▶ Given material:
*****
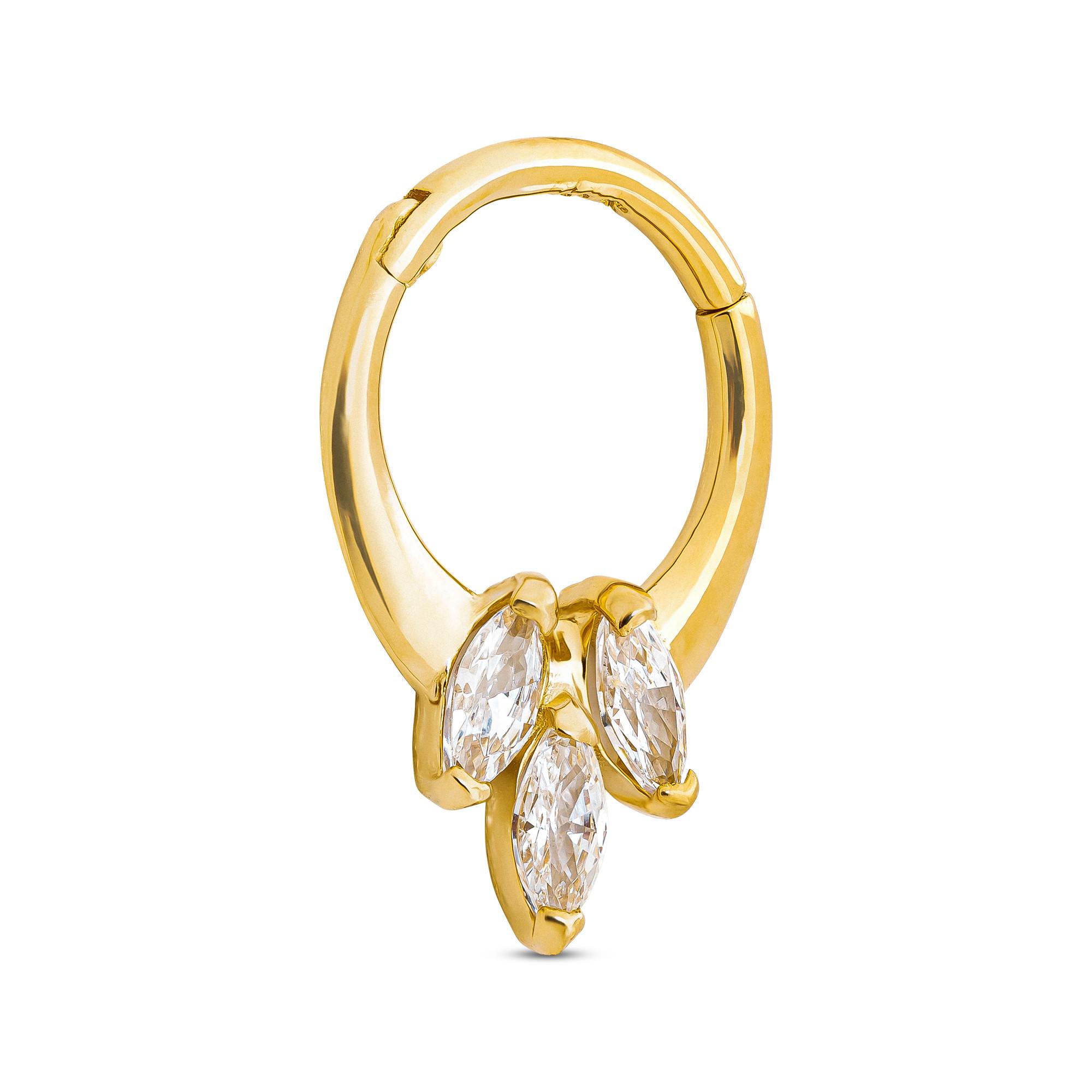Ce piercing avec fermoir Hoop de Studio Marquise est serti de pierres de zirconium en forme de feuille – un supplément magique pour une vie quotidienne plus belle.
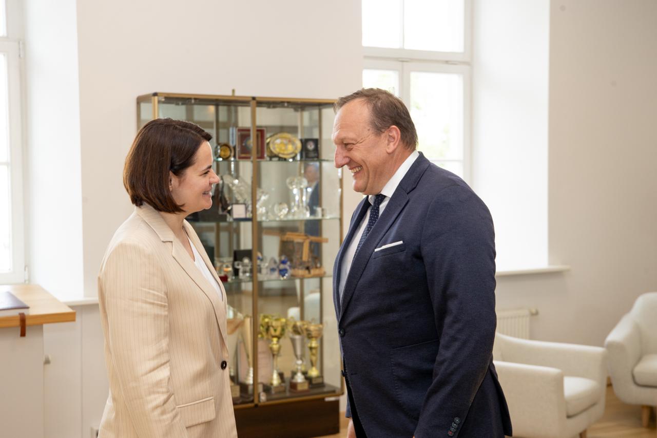 Светлана Тихановская встретилась с министром внутренних дел Литвы Владиславом Кондратовичем. На встрече также присутствовали руководитель Департамента миграции Эвелина Гудзинскайте и посол по особым поручениям Аста Андрияускене. Разговор проходил на беларусском языке, сообщает Офис Тихановской.
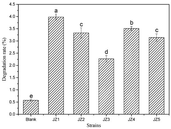 Degradation rate of PBAT film by strains in basic salt + 1% tryptone medium; a–e are symbols indicating the significance of the difference.
*****
▶ Work instruction: The data must be reproduced exactly, and no picture may appear in the copy.

▶ Response to the exercise:
Ce piercing avec fermoir Hoop de Studio Marquise est serti de pierres de zirconium en forme de feuille – un supplément magique pour une vie quotidienne plus belle.
 Светлана Тихановская встретилась с министром внутренних дел Литвы Владиславом Кондратовичем. На встрече также присутствовали руководитель Департамента миграции Эвелина Гудзинскайте и посол по особым поручениям Аста Андрияускене. Разговор проходил на беларусском языке, сообщает Офис Тихановской.
 Degradation rate of PBAT film by strains in basic salt + 1% tryptone medium; a–e are symbols indicating the significance of the difference.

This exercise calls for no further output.